Jan: And so there’s just a few people now, and we’re trying to invite others to join. So if you know people, if you know colleagues, if you know healthcare professionals who might be interested in this work, then please let them know about this, and we hope to build a community that will hear your message and that will contribute their messages, and so together we can maybe create a field that will invite the next generation of healthcare providers to learn from our experience and maybe take something from it and add their part to it and develop it further.
Connie: That would be wonderful.
Connie: Thank you for opening the possibility of this becoming a part of medical practice. You are giving a tremendous gift to the world with this.
Jan: Thank you. I’m part of a puzzle, and I would love to bring people like you together with others, so that together we can create a field that may bring some change.
Jan: Thank you so much for taking the time today.
Connie: Thank you for asking me.
Jan: We will exchange a little bit the information that we’ve shared and we’ll exchange the files and you can look at them and tell me what you think, and you may or may not know that in September 12, 13, 14, we will have the first Heart-Based Medicine summit. We will want to bring together as many as we can, and we don’t know how many it’s going to be.
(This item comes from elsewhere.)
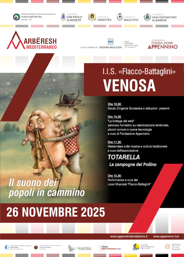Prossimo appuntamento in programma è per mercoledì 26 novembre 2025 a Venosa, all’Istituto di Istruzione Superiore “Flacco-Battaglini”, dove protagonista sarà la musica e la tradizione culturale.

Connie: That is so exciting.
Jan: And that’s going to be in San Francisco.
Jan: So we want to create a program for two days where we wish to bring everybody together for two days, and invite speakers and create an open space session where really everybody can speak up, where everybody can convene a group and for half an hour, three quarters of an hour, work with a group, and you may have a topic that you would really like to discuss with people in the room, or you may want to offer a practice, or you may want to actually learn something that you don’t know, and you’re saying, “I want to talk about this because I don’t have a clue, and I want to know.” So it’s a completely open space. Part of this conference will be this. So one half day will be without an agenda, where at the beginning of the half day we will create the agenda together, whatever comes up at the moment, and then see what groups will form and see who will want to interact and how we then kind of move this Heart-Based Medicine field forward together.
Connie: That is so exciting.
Jan: Yeah. So if you want to and if you’re interested, mark your calendar, and in the next one or two weeks, we will really have the venue confirmed and the dates confirmed-confirmed. But it looks like it’s gonna be this weekend, what is it, 12, 13, 14 of September this year. So I’d love to see if you could come, I’d love to meet you. That’d be really wonderful.
Connie: That would be lovely.
Jan: I think you’re probably gonna be in February now at the lab, right? At [Jonah’s] lab?
Connie: Yes. I leave Friday to go.
Jan: Very soon.
Jan: Nice, thank you. This is great. I wish I could come. Time doesn’t allow right now. We’re building the Child Health Center here in Basel, and it’s taking all, oof, all energy and space right now, so it would be very hard to justify to go away for a week, so I won’t be able to join. Maybe I’ll join for just half an hour or so and we’ll share about heart-based medicine.
Connie: That would be wonderful.
Jan: So that everybody is aware. But I won’t be able to come. Maybe if it works for you, it would be wonderful if you could come to San Francisco.
Connie: I’ll put it in my calendar-
Connie: And make plans for that.
Connie: Get your information.
Jan: Lovely. Thank you so much, Connie.
Connie: Thank you. We’ll talk soon.
Jan: We will. Thank you. Take care. Bye, bye.